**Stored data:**
══════
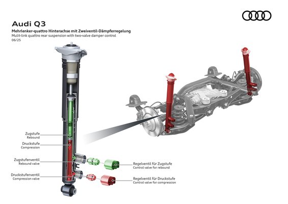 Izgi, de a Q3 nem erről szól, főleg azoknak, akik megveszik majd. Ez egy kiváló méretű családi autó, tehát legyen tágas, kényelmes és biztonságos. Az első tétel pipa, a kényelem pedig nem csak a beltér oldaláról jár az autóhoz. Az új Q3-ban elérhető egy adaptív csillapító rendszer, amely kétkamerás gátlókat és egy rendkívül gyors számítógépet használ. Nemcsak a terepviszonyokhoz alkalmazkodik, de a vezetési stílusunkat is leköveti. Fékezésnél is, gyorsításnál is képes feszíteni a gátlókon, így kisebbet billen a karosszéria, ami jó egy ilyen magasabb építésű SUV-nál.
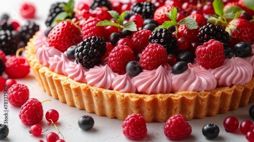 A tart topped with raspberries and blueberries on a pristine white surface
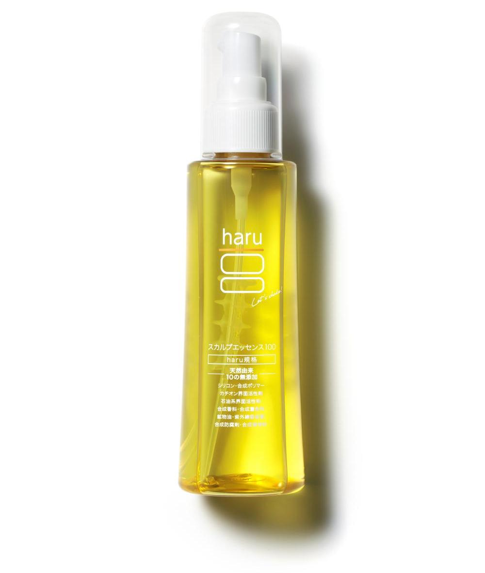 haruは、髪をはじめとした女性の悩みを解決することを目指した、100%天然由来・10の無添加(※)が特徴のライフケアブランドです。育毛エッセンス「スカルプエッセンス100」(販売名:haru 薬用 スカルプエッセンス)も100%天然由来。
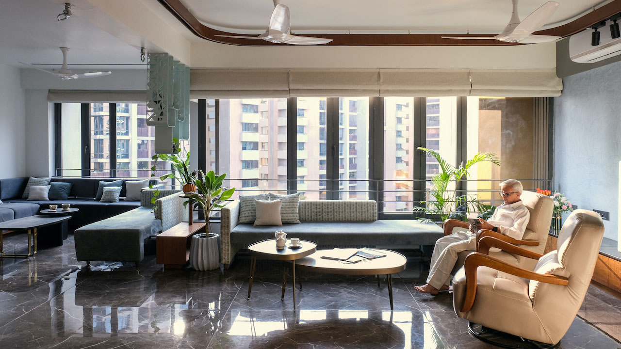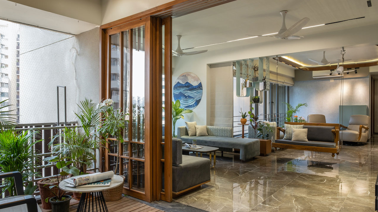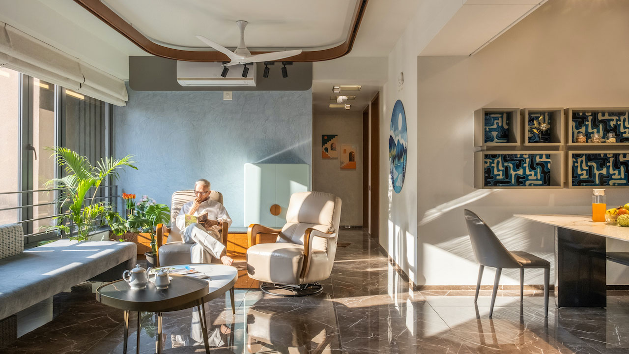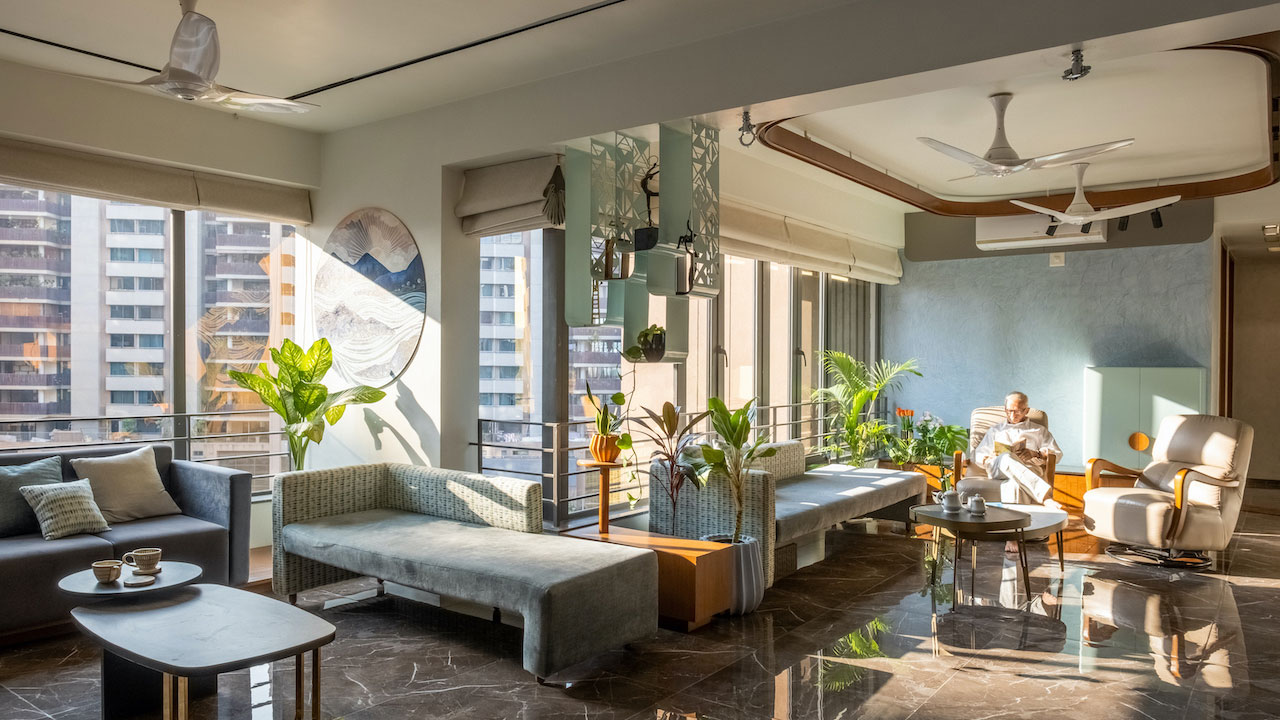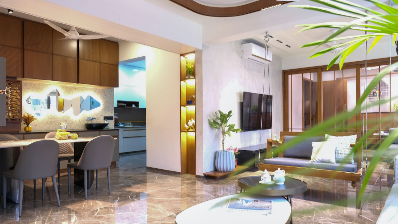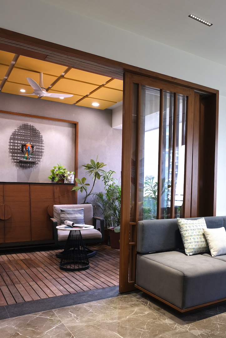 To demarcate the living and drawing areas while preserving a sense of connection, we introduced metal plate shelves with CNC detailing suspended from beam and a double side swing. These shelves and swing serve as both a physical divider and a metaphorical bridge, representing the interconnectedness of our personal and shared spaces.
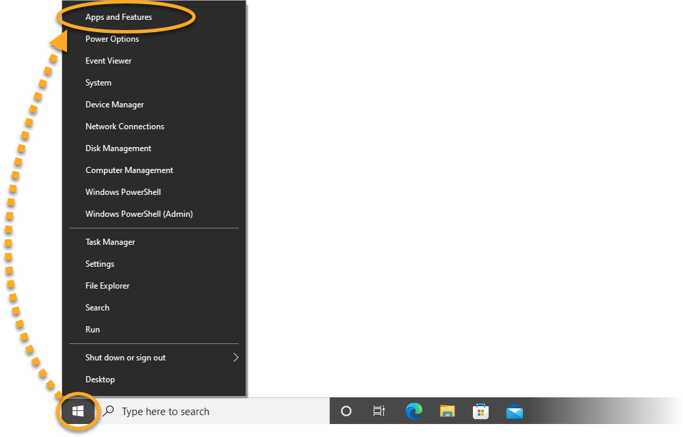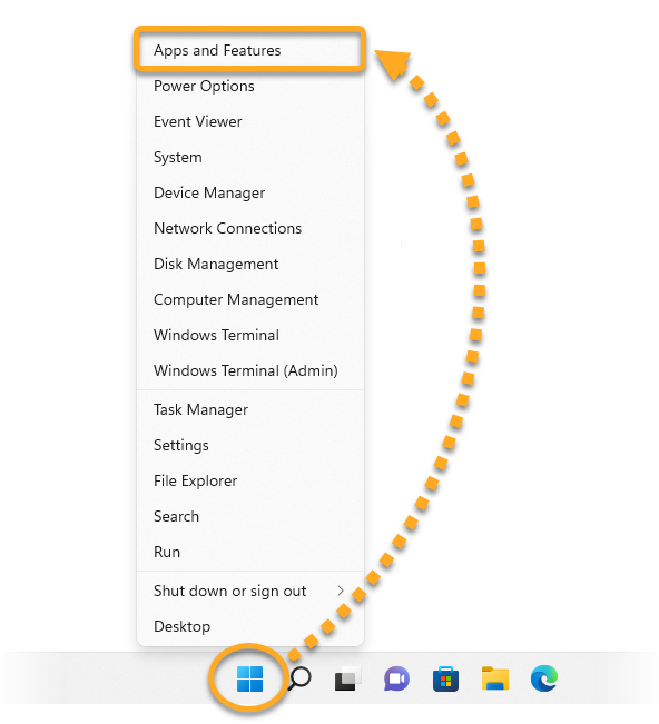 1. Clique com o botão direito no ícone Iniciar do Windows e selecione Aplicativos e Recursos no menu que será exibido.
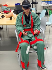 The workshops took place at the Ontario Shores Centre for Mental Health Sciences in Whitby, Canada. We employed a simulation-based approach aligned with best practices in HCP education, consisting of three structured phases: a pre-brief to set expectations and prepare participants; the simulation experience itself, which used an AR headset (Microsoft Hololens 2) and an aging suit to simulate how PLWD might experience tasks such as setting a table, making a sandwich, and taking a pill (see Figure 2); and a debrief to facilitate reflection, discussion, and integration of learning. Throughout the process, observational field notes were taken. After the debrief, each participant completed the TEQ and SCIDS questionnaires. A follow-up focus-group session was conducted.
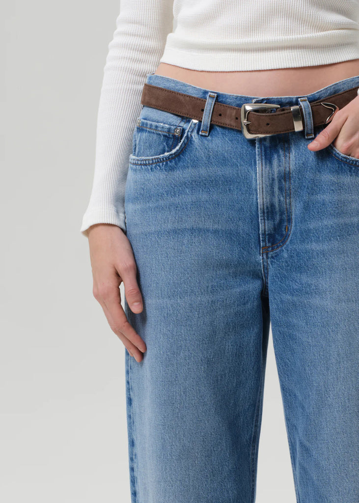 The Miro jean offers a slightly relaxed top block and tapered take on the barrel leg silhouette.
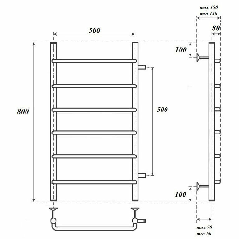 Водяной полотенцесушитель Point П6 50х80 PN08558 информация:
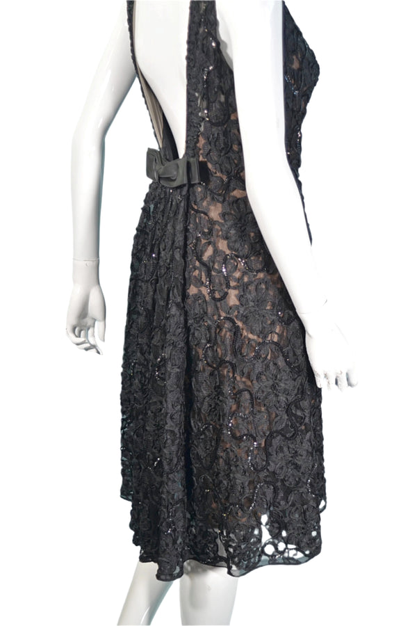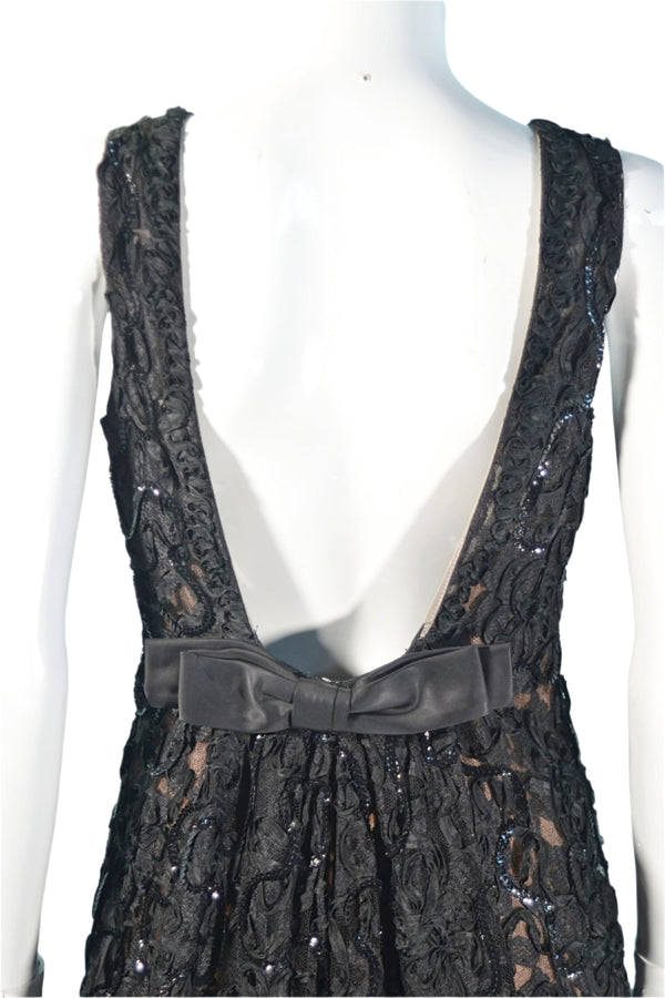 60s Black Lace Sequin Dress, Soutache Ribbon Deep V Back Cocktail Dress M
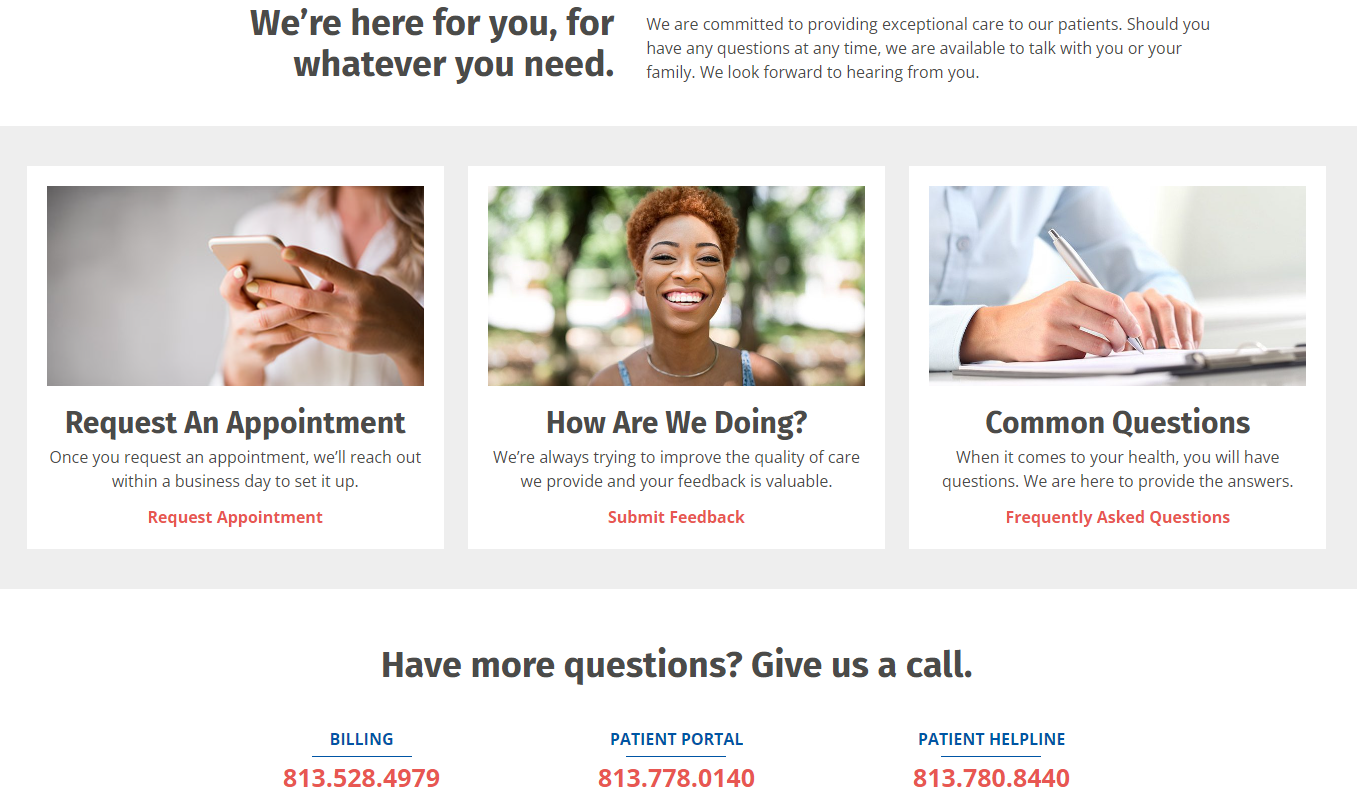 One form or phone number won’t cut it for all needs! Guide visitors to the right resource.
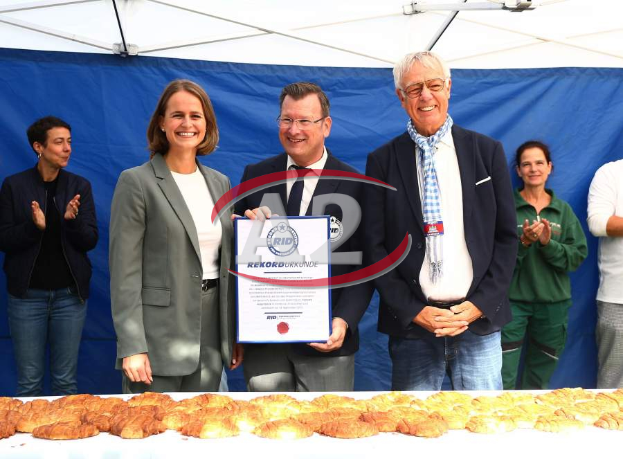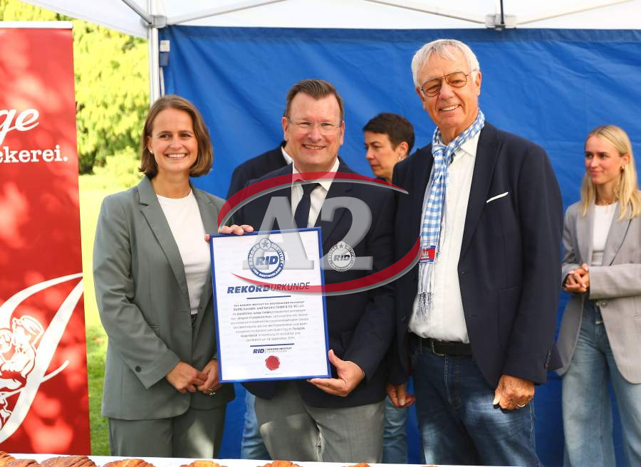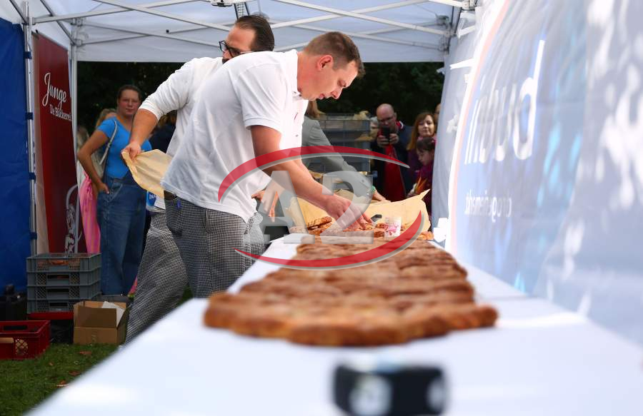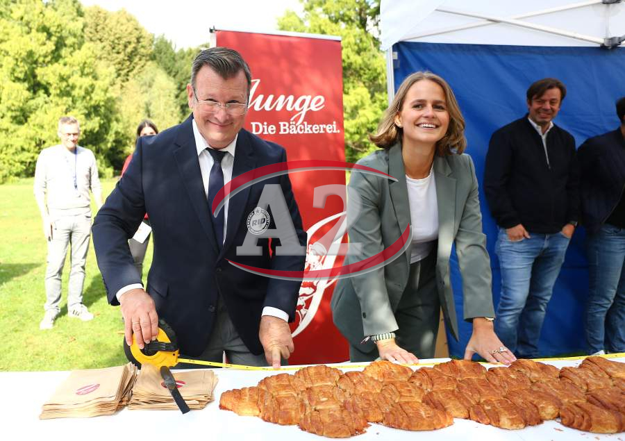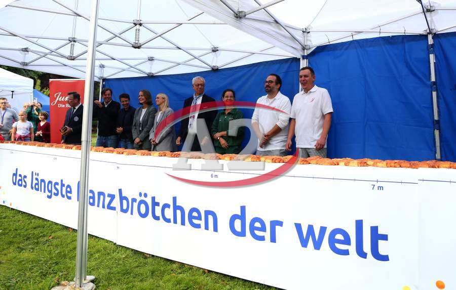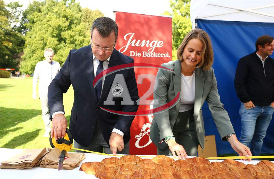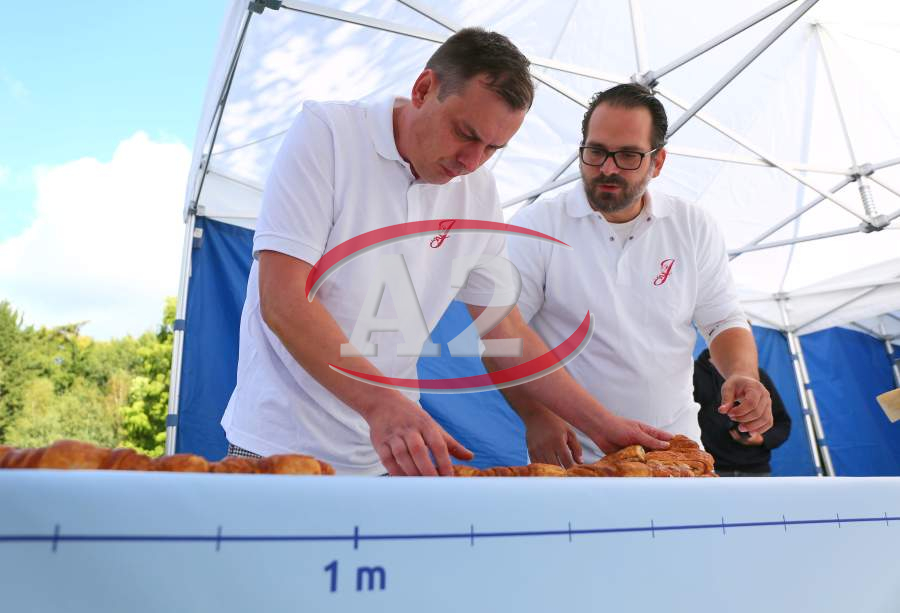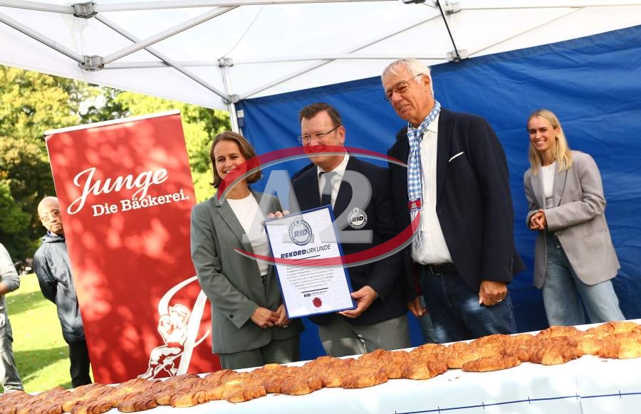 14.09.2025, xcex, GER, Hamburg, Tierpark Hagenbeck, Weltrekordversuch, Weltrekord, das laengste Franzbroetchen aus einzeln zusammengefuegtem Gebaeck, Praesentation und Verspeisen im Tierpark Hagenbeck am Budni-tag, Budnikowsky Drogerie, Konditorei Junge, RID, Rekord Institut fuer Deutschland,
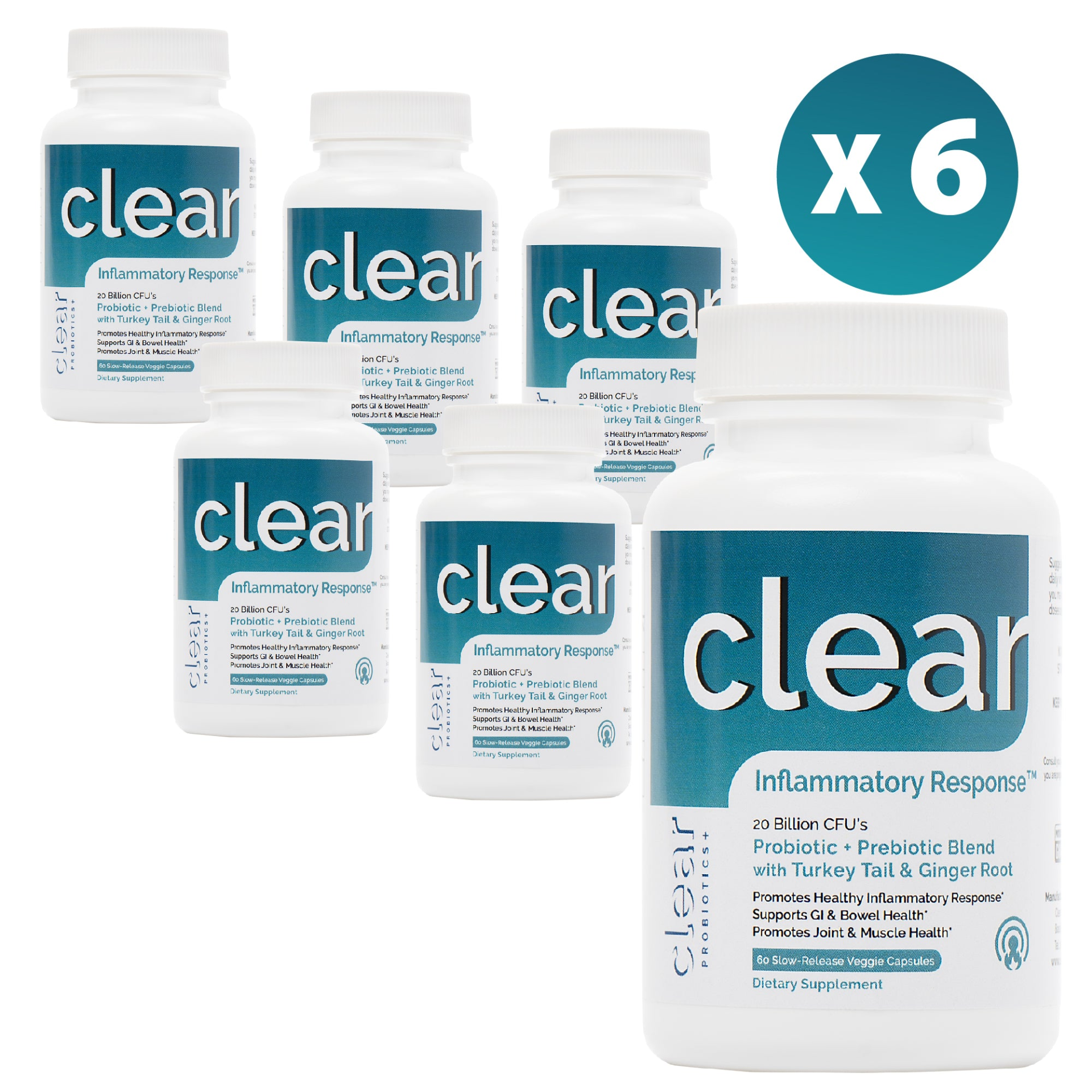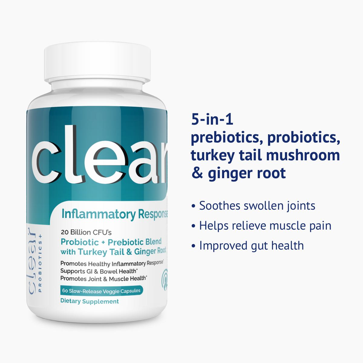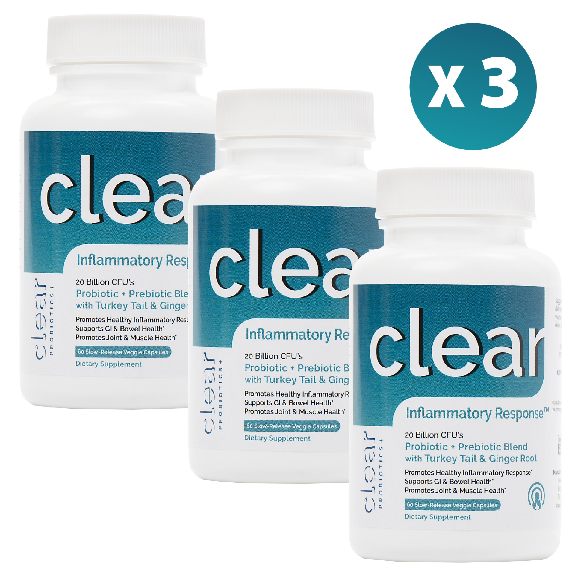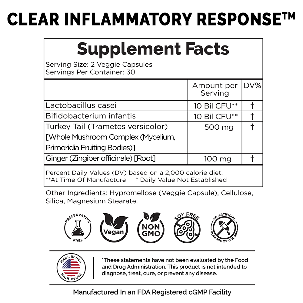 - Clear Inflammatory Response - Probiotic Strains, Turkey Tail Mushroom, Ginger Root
══════
**WHAT TO DO:**
Return the entries above in full and unchanged, omitting every image.

**RESULT:**
 Izgi, de a Q3 nem erről szól, főleg azoknak, akik megveszik majd. Ez egy kiváló méretű családi autó, tehát legyen tágas, kényelmes és biztonságos. Az első tétel pipa, a kényelem pedig nem csak a beltér oldaláról jár az autóhoz. Az új Q3-ban elérhető egy adaptív csillapító rendszer, amely kétkamerás gátlókat és egy rendkívül gyors számítógépet használ. Nemcsak a terepviszonyokhoz alkalmazkodik, de a vezetési stílusunkat is leköveti. Fékezésnél is, gyorsításnál is képes feszíteni a gátlókon, így kisebbet billen a karosszéria, ami jó egy ilyen magasabb építésű SUV-nál.
 A tart topped with raspberries and blueberries on a pristine white surface
 haruは、髪をはじめとした女性の悩みを解決することを目指した、100%天然由来・10の無添加(※)が特徴のライフケアブランドです。育毛エッセンス「スカルプエッセンス100」(販売名:haru 薬用 スカルプエッセンス)も100%天然由来。
 To demarcate the living and drawing areas while preserving a sense of connection, we introduced metal plate shelves with CNC detailing suspended from beam and a double side swing. These shelves and swing serve as both a physical divider and a metaphorical bridge, representing the interconnectedness of our personal and shared spaces.
 1. Clique com o botão direito no ícone Iniciar do Windows e selecione Aplicativos e Recursos no menu que será exibido.
 The workshops took place at the Ontario Shores Centre for Mental Health Sciences in Whitby, Canada. We employed a simulation-based approach aligned with best practices in HCP education, consisting of three structured phases: a pre-brief to set expectations and prepare participants; the simulation experience itself, which used an AR headset (Microsoft Hololens 2) and an aging suit to simulate how PLWD might experience tasks such as setting a table, making a sandwich, and taking a pill (see Figure 2); and a debrief to facilitate reflection, discussion, and integration of learning. Throughout the process, observational field notes were taken. After the debrief, each participant completed the TEQ and SCIDS questionnaires. A follow-up focus-group session was conducted.
 The Miro jean offers a slightly relaxed top block and tapered take on the barrel leg silhouette.
 Водяной полотенцесушитель Point П6 50х80 PN08558 информация:
 60s Black Lace Sequin Dress, Soutache Ribbon Deep V Back Cocktail Dress M
 One form or phone number won’t cut it for all needs! Guide visitors to the right resource.
 14.09.2025, xcex, GER, Hamburg, Tierpark Hagenbeck, Weltrekordversuch, Weltrekord, das laengste Franzbroetchen aus einzeln zusammengefuegtem Gebaeck, Praesentation und Verspeisen im Tierpark Hagenbeck am Budni-tag, Budnikowsky Drogerie, Konditorei Junge, RID, Rekord Institut fuer Deutschland,
 - Clear Inflammatory Response - Probiotic Strains, Turkey Tail Mushroom, Ginger Root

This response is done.